Problem: Begin your copy at the line with "ロエベで毎年人気を集めるのが" in the records below and end it at the line with "HPE Networking Comware", restating each line word for word; omit the pictures.

Source data:
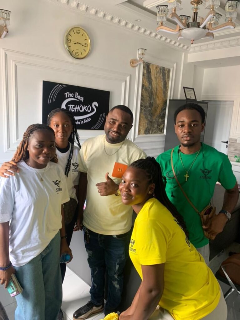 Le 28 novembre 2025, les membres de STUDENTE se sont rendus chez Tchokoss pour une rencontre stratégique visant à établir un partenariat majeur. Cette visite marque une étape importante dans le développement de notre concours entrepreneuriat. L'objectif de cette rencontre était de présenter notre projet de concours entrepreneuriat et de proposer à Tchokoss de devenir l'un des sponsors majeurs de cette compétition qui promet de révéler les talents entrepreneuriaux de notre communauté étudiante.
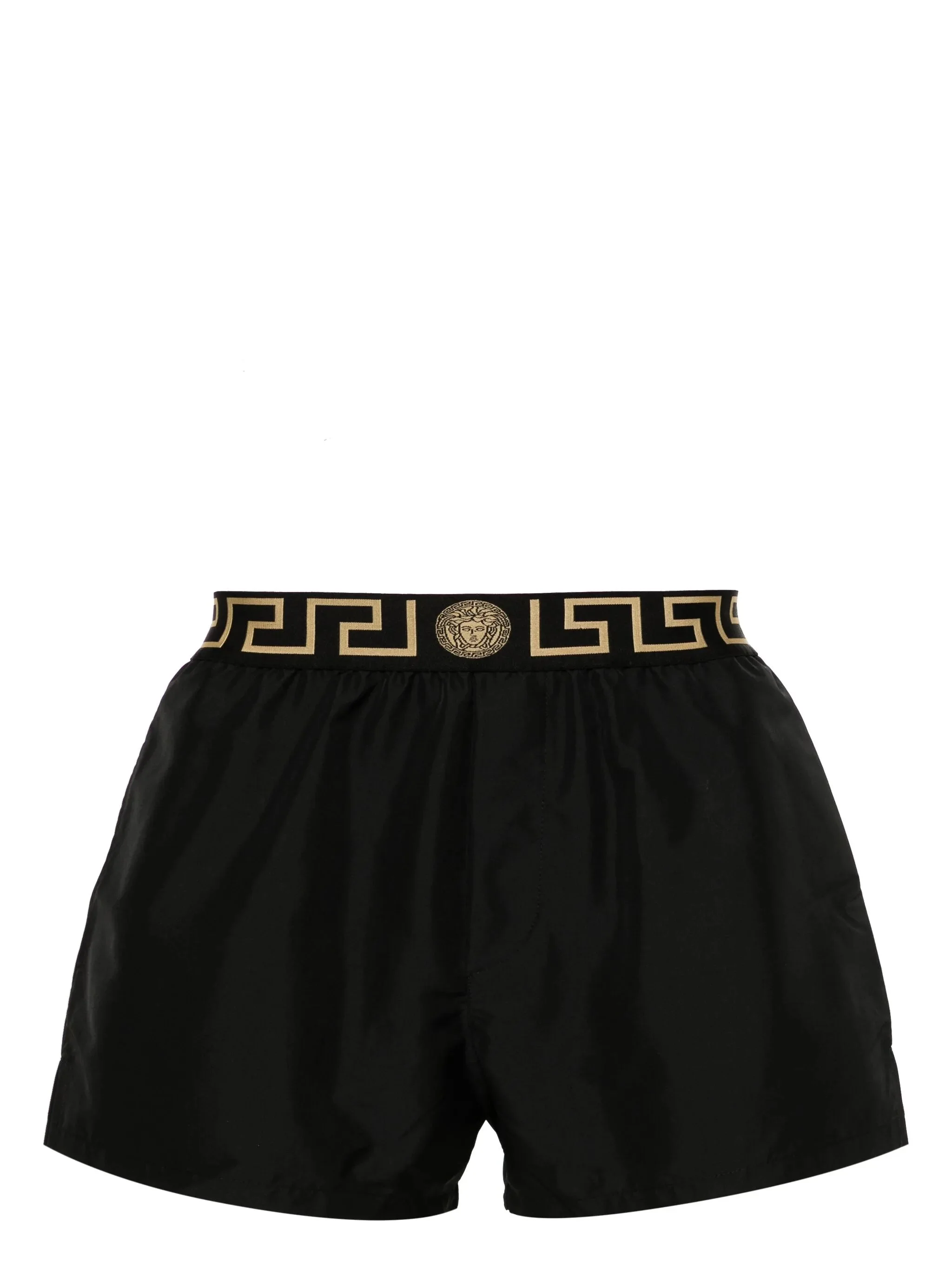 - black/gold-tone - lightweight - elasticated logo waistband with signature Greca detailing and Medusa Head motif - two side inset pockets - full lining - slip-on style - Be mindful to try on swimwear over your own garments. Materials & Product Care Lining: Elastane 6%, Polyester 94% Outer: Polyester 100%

...

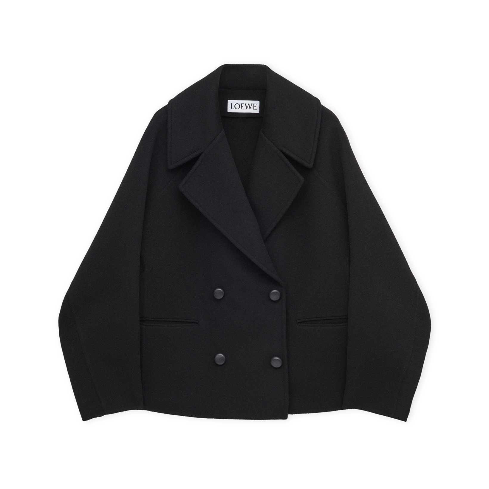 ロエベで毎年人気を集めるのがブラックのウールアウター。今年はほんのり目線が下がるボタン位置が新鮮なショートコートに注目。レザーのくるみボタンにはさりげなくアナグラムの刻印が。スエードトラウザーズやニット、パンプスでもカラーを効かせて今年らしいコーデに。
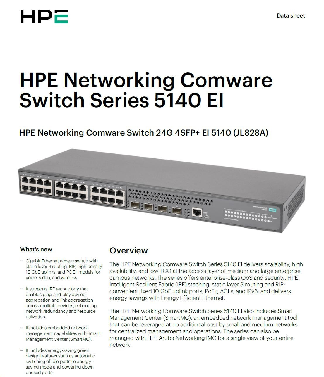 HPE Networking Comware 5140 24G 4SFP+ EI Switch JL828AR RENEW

Answer for this exercise:
 ロエベで毎年人気を集めるのがブラックのウールアウター。今年はほんのり目線が下がるボタン位置が新鮮なショートコートに注目。レザーのくるみボタンにはさりげなくアナグラムの刻印が。スエードトラウザーズやニット、パンプスでもカラーを効かせて今年らしいコーデに。
 HPE Networking Comware 5140 24G 4SFP+ EI Switch JL828AR RENEW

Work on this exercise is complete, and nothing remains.